> **Assignment**
From the line containing "Köyün girişindeki Eski" to the last line of the listing, both included, copy every line exactly and drop the pictures.

------ Record extracts ------

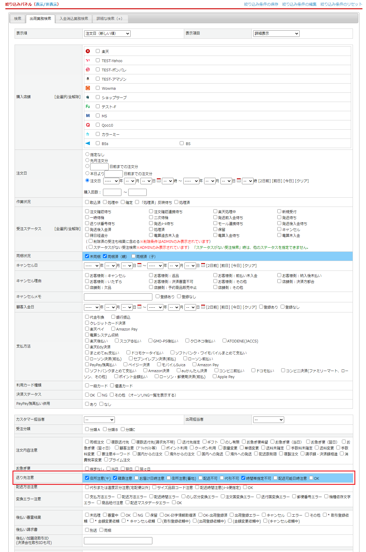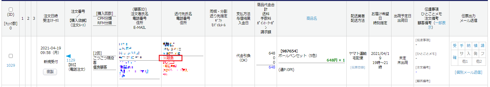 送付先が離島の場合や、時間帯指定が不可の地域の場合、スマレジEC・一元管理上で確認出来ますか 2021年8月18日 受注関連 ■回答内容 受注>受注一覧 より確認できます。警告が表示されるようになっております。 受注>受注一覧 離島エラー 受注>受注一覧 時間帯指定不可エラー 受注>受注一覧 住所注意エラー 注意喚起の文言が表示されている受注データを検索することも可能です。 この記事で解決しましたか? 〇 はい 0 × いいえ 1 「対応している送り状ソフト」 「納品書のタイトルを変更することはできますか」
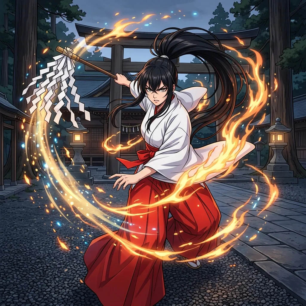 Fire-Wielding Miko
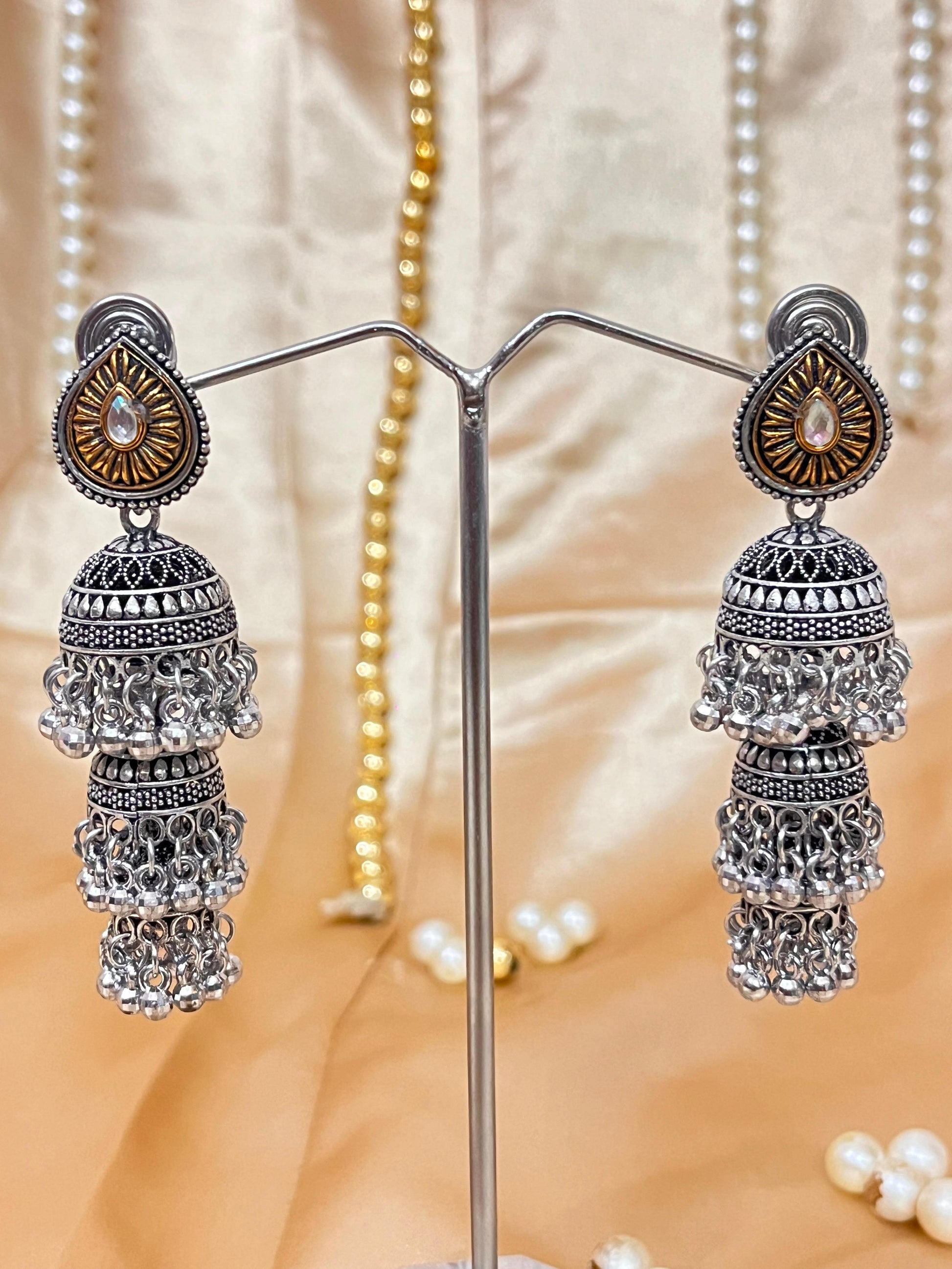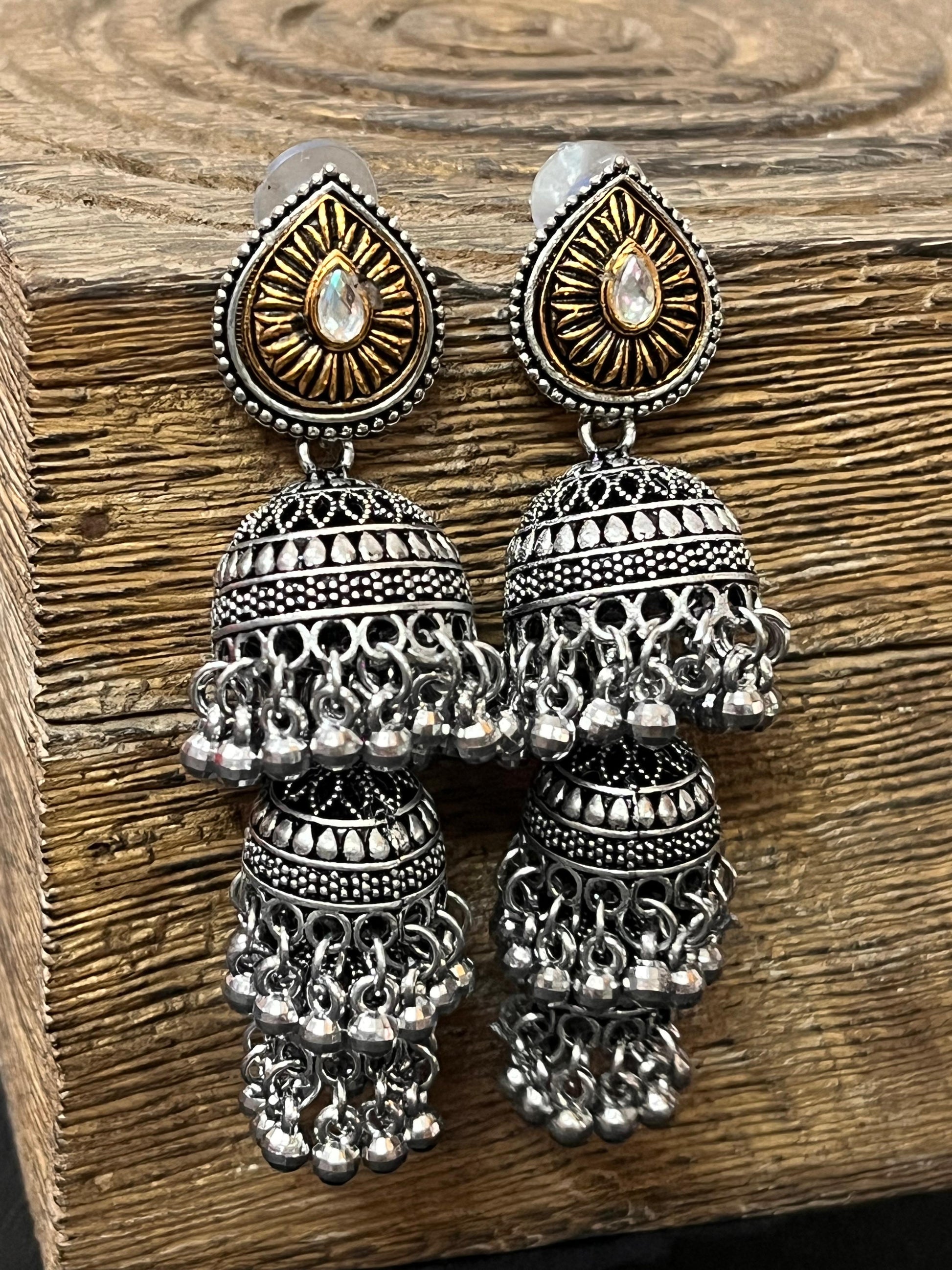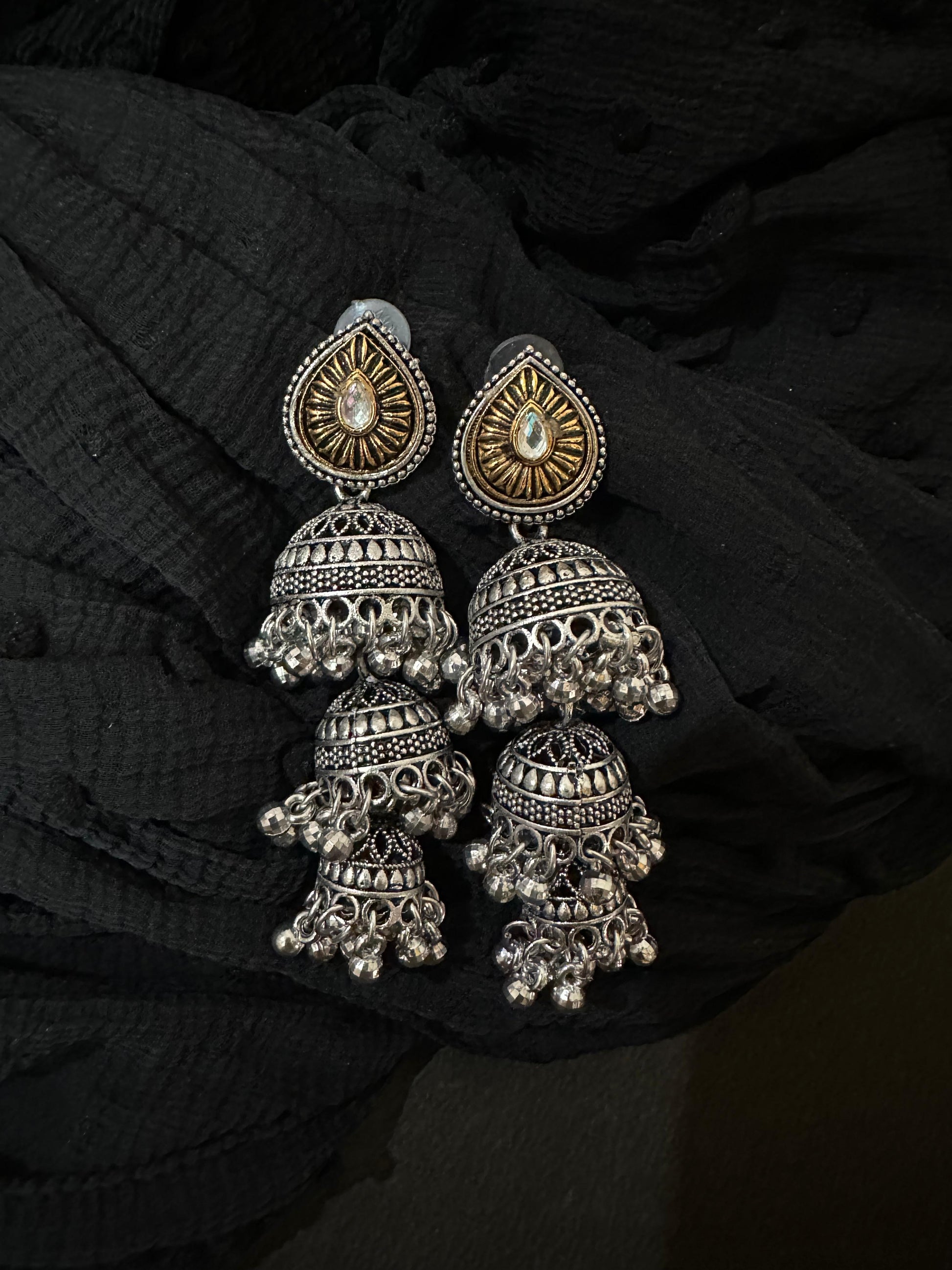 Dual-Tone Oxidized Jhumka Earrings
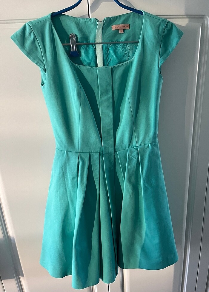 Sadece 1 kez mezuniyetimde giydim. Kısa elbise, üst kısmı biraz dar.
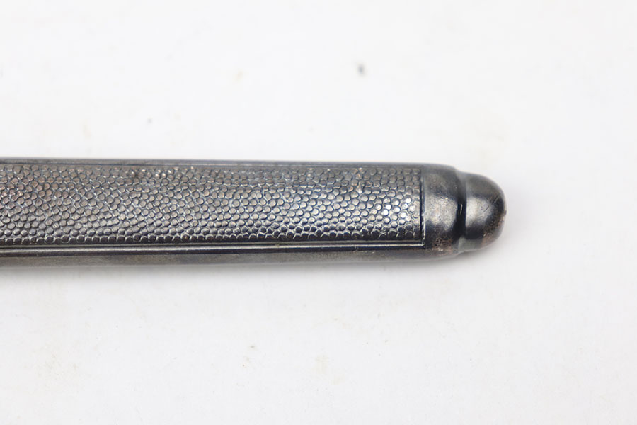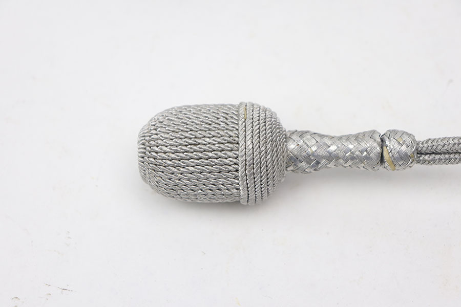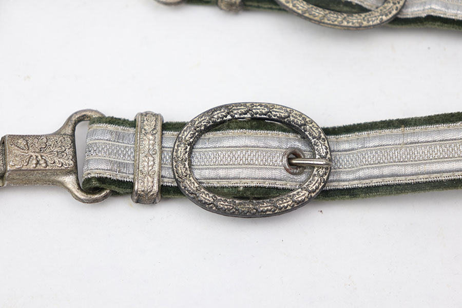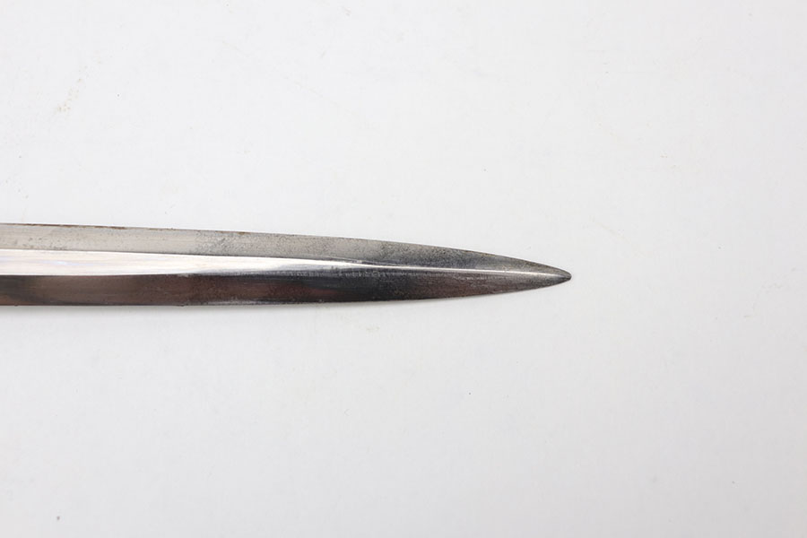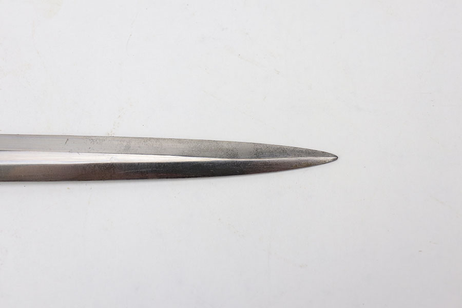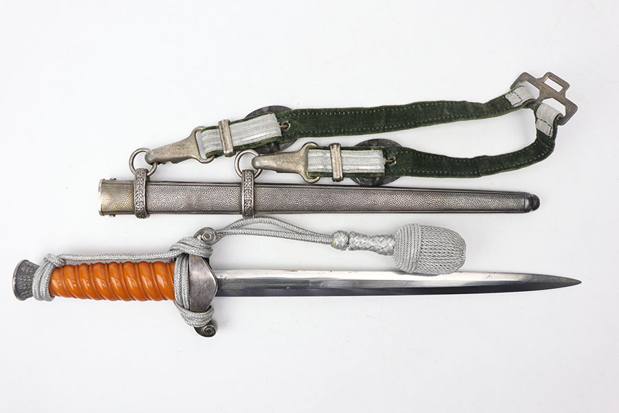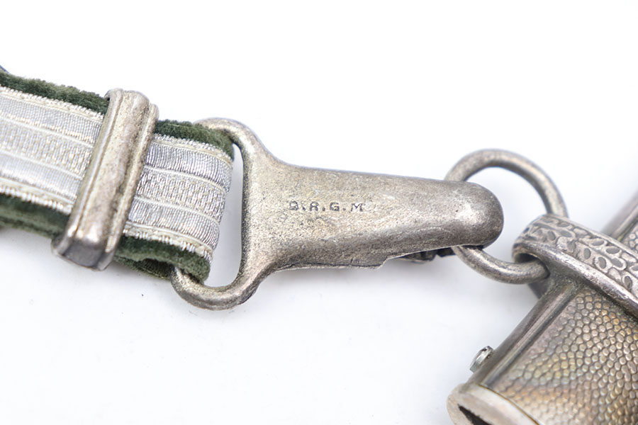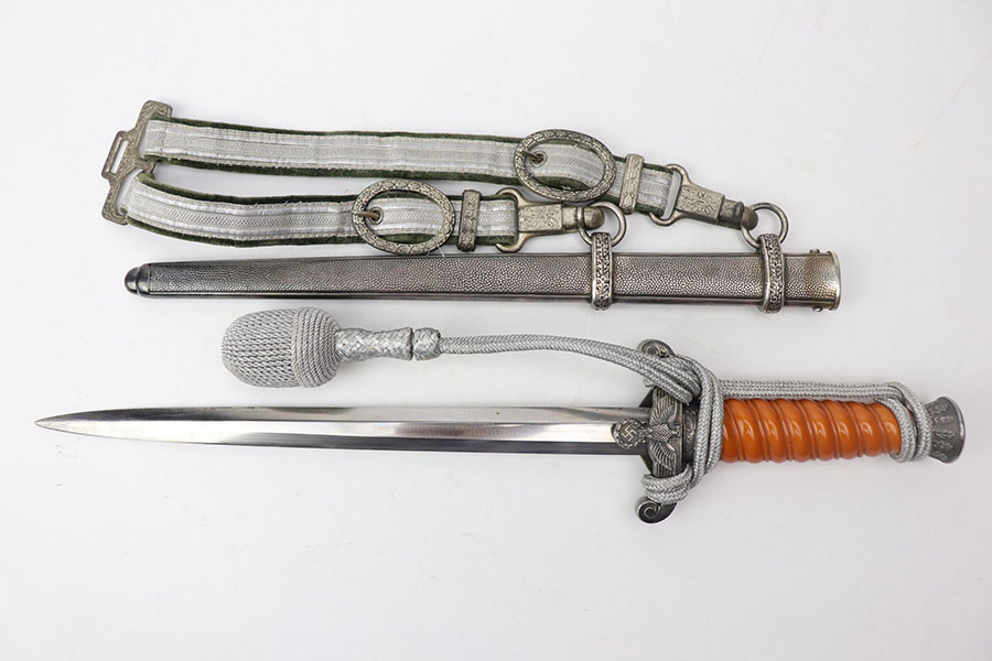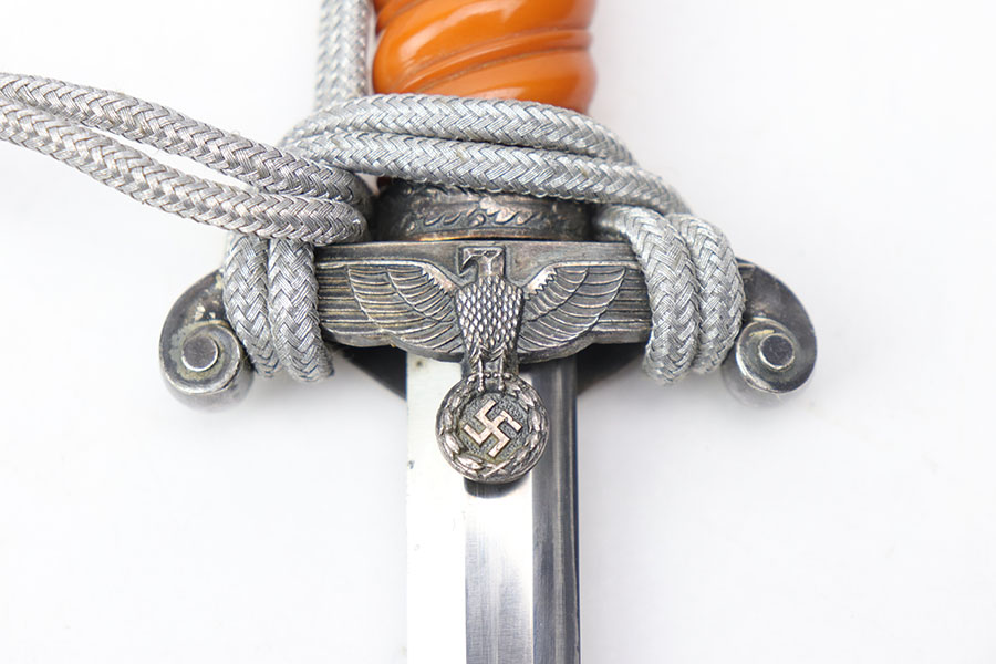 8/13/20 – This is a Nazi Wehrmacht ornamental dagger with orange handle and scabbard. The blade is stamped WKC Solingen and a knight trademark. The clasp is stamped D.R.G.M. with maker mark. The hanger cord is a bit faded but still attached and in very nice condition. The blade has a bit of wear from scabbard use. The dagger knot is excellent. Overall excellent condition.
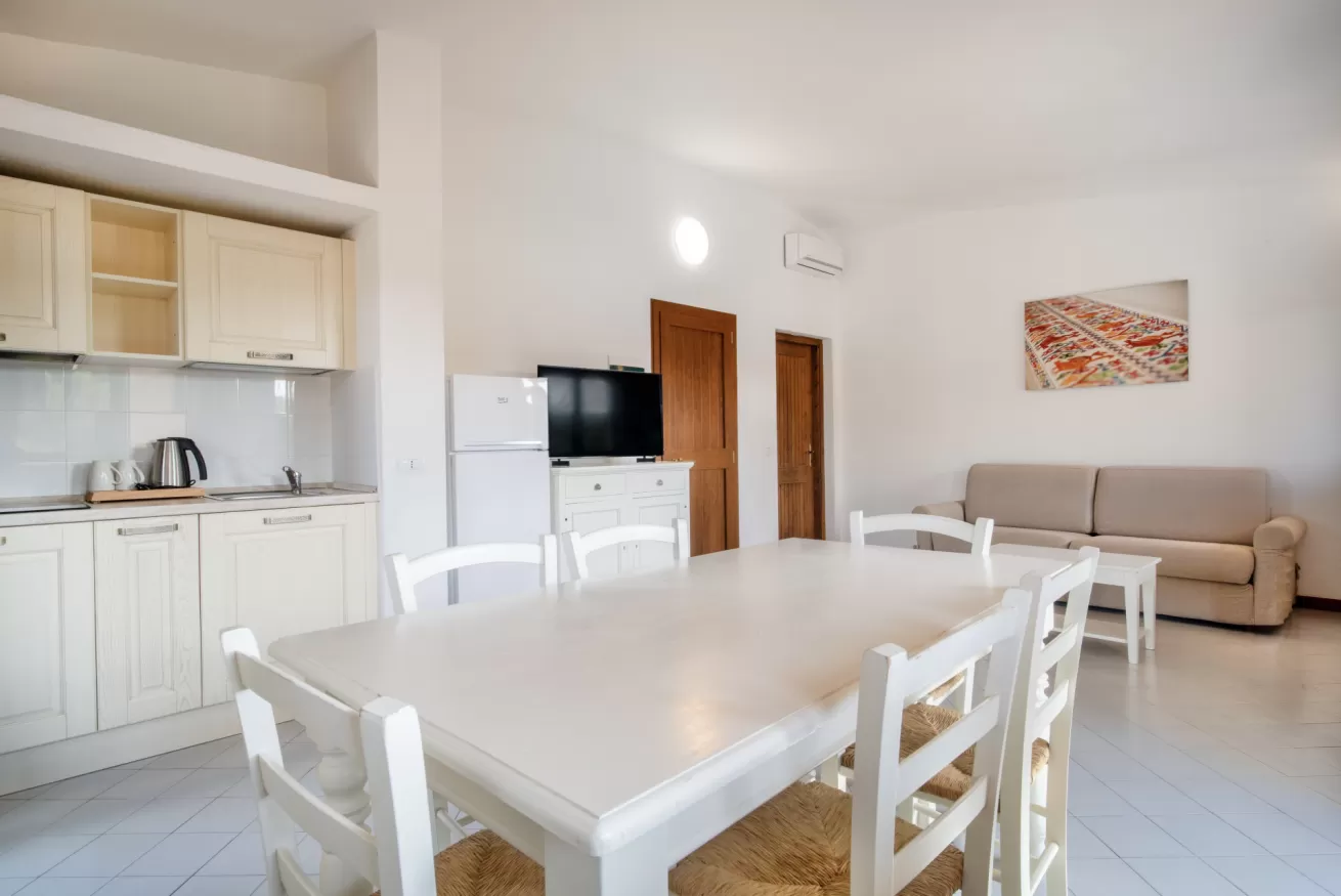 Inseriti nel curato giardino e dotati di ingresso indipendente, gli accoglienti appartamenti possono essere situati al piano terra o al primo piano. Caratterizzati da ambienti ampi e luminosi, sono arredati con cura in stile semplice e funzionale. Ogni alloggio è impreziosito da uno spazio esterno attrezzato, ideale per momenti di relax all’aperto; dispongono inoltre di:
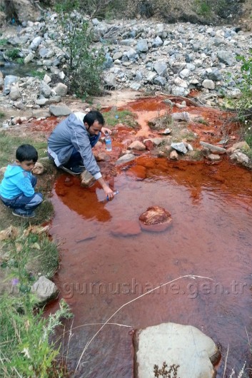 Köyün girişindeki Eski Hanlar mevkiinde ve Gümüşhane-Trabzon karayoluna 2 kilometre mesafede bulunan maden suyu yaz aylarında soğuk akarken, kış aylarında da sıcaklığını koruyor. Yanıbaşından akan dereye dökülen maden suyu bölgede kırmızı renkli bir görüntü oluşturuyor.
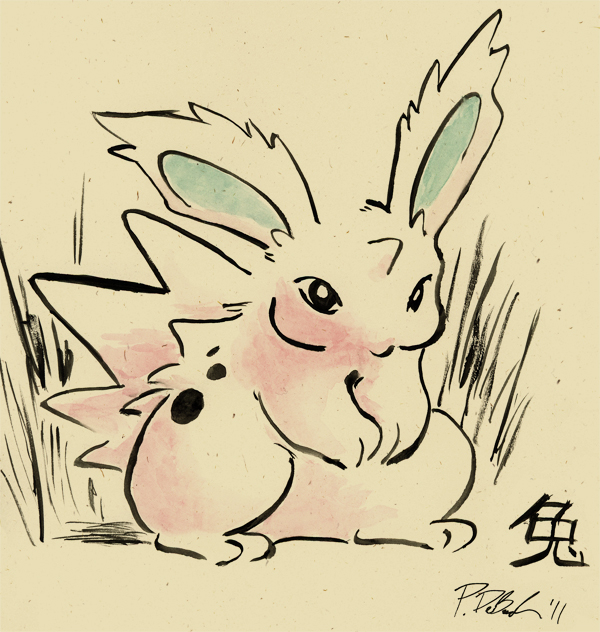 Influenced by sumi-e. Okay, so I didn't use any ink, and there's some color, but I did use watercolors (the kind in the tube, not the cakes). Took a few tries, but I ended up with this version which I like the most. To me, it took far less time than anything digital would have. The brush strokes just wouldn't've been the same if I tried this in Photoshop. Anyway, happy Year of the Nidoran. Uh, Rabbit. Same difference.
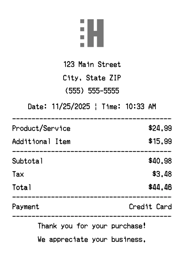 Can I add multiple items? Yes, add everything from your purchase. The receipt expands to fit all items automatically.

------

> **Expected output**
 Köyün girişindeki Eski Hanlar mevkiinde ve Gümüşhane-Trabzon karayoluna 2 kilometre mesafede bulunan maden suyu yaz aylarında soğuk akarken, kış aylarında da sıcaklığını koruyor. Yanıbaşından akan dereye dökülen maden suyu bölgede kırmızı renkli bir görüntü oluşturuyor.
 Influenced by sumi-e. Okay, so I didn't use any ink, and there's some color, but I did use watercolors (the kind in the tube, not the cakes). Took a few tries, but I ended up with this version which I like the most. To me, it took far less time than anything digital would have. The brush strokes just wouldn't've been the same if I tried this in Photoshop. Anyway, happy Year of the Nidoran. Uh, Rabbit. Same difference.
 Can I add multiple items? Yes, add everything from your purchase. The receipt expands to fit all items automatically.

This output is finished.